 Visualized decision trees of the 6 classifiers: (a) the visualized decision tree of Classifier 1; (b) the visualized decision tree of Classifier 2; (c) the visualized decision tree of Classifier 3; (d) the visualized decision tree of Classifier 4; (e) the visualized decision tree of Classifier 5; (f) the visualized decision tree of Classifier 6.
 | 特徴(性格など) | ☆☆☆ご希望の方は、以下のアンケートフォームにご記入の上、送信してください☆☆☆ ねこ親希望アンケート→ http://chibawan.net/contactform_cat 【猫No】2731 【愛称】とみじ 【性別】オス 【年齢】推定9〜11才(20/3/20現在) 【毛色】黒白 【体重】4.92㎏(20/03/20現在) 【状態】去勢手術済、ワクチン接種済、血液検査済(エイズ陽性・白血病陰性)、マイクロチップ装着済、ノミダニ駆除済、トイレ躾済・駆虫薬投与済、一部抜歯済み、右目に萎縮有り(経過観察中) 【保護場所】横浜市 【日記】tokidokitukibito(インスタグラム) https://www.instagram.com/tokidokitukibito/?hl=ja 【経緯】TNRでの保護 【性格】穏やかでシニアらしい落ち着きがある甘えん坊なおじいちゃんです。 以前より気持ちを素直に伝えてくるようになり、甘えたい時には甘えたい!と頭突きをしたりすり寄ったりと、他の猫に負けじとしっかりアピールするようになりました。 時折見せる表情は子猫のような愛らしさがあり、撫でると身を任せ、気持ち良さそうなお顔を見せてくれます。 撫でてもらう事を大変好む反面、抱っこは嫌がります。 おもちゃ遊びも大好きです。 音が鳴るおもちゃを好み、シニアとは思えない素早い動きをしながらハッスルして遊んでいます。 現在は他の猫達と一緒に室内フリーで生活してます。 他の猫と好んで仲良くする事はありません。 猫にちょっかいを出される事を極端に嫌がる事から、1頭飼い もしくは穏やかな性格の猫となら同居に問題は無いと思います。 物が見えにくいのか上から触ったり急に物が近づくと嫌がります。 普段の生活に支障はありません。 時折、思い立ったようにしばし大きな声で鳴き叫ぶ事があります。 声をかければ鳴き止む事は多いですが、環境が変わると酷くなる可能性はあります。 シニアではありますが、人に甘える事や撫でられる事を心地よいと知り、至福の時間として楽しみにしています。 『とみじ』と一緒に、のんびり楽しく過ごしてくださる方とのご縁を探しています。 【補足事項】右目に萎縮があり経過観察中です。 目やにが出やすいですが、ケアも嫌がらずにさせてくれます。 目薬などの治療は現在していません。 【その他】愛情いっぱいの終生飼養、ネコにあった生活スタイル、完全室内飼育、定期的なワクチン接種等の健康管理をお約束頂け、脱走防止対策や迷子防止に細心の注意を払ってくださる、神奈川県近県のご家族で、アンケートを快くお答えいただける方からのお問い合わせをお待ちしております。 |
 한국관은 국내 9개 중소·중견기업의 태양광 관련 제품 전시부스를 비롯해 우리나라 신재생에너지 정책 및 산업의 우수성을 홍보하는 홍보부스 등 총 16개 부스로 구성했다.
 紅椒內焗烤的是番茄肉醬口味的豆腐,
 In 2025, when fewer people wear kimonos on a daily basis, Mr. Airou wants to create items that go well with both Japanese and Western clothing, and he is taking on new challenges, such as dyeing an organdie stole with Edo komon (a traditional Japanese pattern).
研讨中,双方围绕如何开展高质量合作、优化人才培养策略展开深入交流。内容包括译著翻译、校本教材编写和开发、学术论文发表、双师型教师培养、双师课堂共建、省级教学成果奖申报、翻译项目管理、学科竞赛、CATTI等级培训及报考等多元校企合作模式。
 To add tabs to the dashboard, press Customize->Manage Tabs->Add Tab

————————

Give the data back exactly as it stands.

Output:
 Visualized decision trees of the 6 classifiers: (a) the visualized decision tree of Classifier 1; (b) the visualized decision tree of Classifier 2; (c) the visualized decision tree of Classifier 3; (d) the visualized decision tree of Classifier 4; (e) the visualized decision tree of Classifier 5; (f) the visualized decision tree of Classifier 6.
 | 特徴(性格など) | ☆☆☆ご希望の方は、以下のアンケートフォームにご記入の上、送信してください☆☆☆ ねこ親希望アンケート→ http://chibawan.net/contactform_cat 【猫No】2731 【愛称】とみじ 【性別】オス 【年齢】推定9〜11才(20/3/20現在) 【毛色】黒白 【体重】4.92㎏(20/03/20現在) 【状態】去勢手術済、ワクチン接種済、血液検査済(エイズ陽性・白血病陰性)、マイクロチップ装着済、ノミダニ駆除済、トイレ躾済・駆虫薬投与済、一部抜歯済み、右目に萎縮有り(経過観察中) 【保護場所】横浜市 【日記】tokidokitukibito(インスタグラム) https://www.instagram.com/tokidokitukibito/?hl=ja 【経緯】TNRでの保護 【性格】穏やかでシニアらしい落ち着きがある甘えん坊なおじいちゃんです。 以前より気持ちを素直に伝えてくるようになり、甘えたい時には甘えたい!と頭突きをしたりすり寄ったりと、他の猫に負けじとしっかりアピールするようになりました。 時折見せる表情は子猫のような愛らしさがあり、撫でると身を任せ、気持ち良さそうなお顔を見せてくれます。 撫でてもらう事を大変好む反面、抱っこは嫌がります。 おもちゃ遊びも大好きです。 音が鳴るおもちゃを好み、シニアとは思えない素早い動きをしながらハッスルして遊んでいます。 現在は他の猫達と一緒に室内フリーで生活してます。 他の猫と好んで仲良くする事はありません。 猫にちょっかいを出される事を極端に嫌がる事から、1頭飼い もしくは穏やかな性格の猫となら同居に問題は無いと思います。 物が見えにくいのか上から触ったり急に物が近づくと嫌がります。 普段の生活に支障はありません。 時折、思い立ったようにしばし大きな声で鳴き叫ぶ事があります。 声をかければ鳴き止む事は多いですが、環境が変わると酷くなる可能性はあります。 シニアではありますが、人に甘える事や撫でられる事を心地よいと知り、至福の時間として楽しみにしています。 『とみじ』と一緒に、のんびり楽しく過ごしてくださる方とのご縁を探しています。 【補足事項】右目に萎縮があり経過観察中です。 目やにが出やすいですが、ケアも嫌がらずにさせてくれます。 目薬などの治療は現在していません。 【その他】愛情いっぱいの終生飼養、ネコにあった生活スタイル、完全室内飼育、定期的なワクチン接種等の健康管理をお約束頂け、脱走防止対策や迷子防止に細心の注意を払ってくださる、神奈川県近県のご家族で、アンケートを快くお答えいただける方からのお問い合わせをお待ちしております。 |
 한국관은 국내 9개 중소·중견기업의 태양광 관련 제품 전시부스를 비롯해 우리나라 신재생에너지 정책 및 산업의 우수성을 홍보하는 홍보부스 등 총 16개 부스로 구성했다.
 紅椒內焗烤的是番茄肉醬口味的豆腐,
 In 2025, when fewer people wear kimonos on a daily basis, Mr. Airou wants to create items that go well with both Japanese and Western clothing, and he is taking on new challenges, such as dyeing an organdie stole with Edo komon (a traditional Japanese pattern).
研讨中,双方围绕如何开展高质量合作、优化人才培养策略展开深入交流。内容包括译著翻译、校本教材编写和开发、学术论文发表、双师型教师培养、双师课堂共建、省级教学成果奖申报、翻译项目管理、学科竞赛、CATTI等级培训及报考等多元校企合作模式。
 To add tabs to the dashboard, press Customize->Manage Tabs->Add Tab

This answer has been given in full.